The key insight: the chatbot doesn’t “know” where it is — it only knows what the frontend tells it via the API.
By decoding the current_route value in the chatbot payload, we can re-match the route server-side and resolve the actual entity.

Results

Once that token was active, I could inject it directly into the system prompt for my chatbot’s AI Agent:

## Current Page Context
**The current page context is critical.**  
If the user asks a question while viewing a detail page, the answer should primarily consider this information.  

The current page context is provided here:
[current-page:ai-context]

If this context is available, prioritize questions related to it over a general search in the index.  
If no context is available, proceed normally without referencing it.

By structuring the prompt this way, the AI explicitly knows to pay attention to the page-specific entity first, rather than giving generic answers or relying on previous conversation history.

Now, when a user on the Austroflamm Ivy fireplace stove page asks:

“Is it also available with a soapstone cladding?”

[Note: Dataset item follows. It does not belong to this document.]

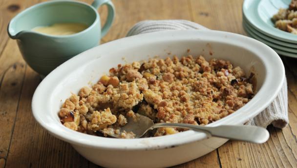 - Butter a 24cm/9in ovenproof dish. Spoon the fruit mixture into the bottom, then sprinkle the crumble mixture on top.
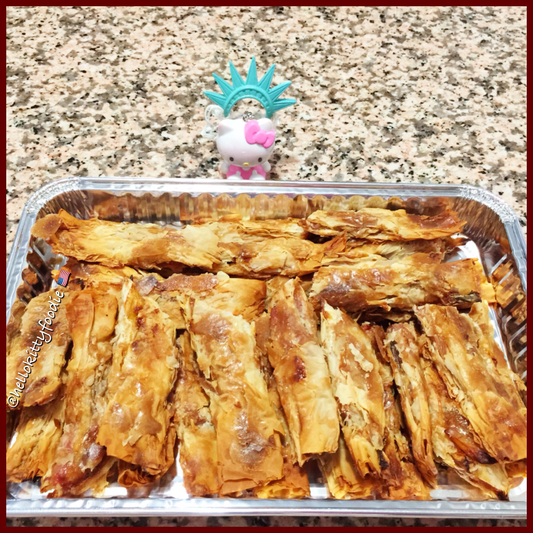 Turon or banana egg rolls is a favorite of mine. Typically made with lumpia or egg roll wrappers, this recipe I share has a twist because instead of egg roll wrappers, phyllo dough is used! I fell in love with the phyllo dough when I went to a dinner at a friend’s house and she made a baked chicken casserole with phyllo sheet wrapping. When I recently watched an episode of Adobo Nation on TFC and saw the use phyllo dough for turon, I was intrigued and knew it was something that had to be tried.

…the chatbot knows exactly what product the user means — without ever needing to guess.

Final Thoughts

Giving your chatbot real awareness of its environment transforms it from a generic Q&A machine into a true assistant.

It’s one of those cases where a little bit of Drupal plumbing dramatically improves the user experience — and prevents your AI from getting “lost” on your own site.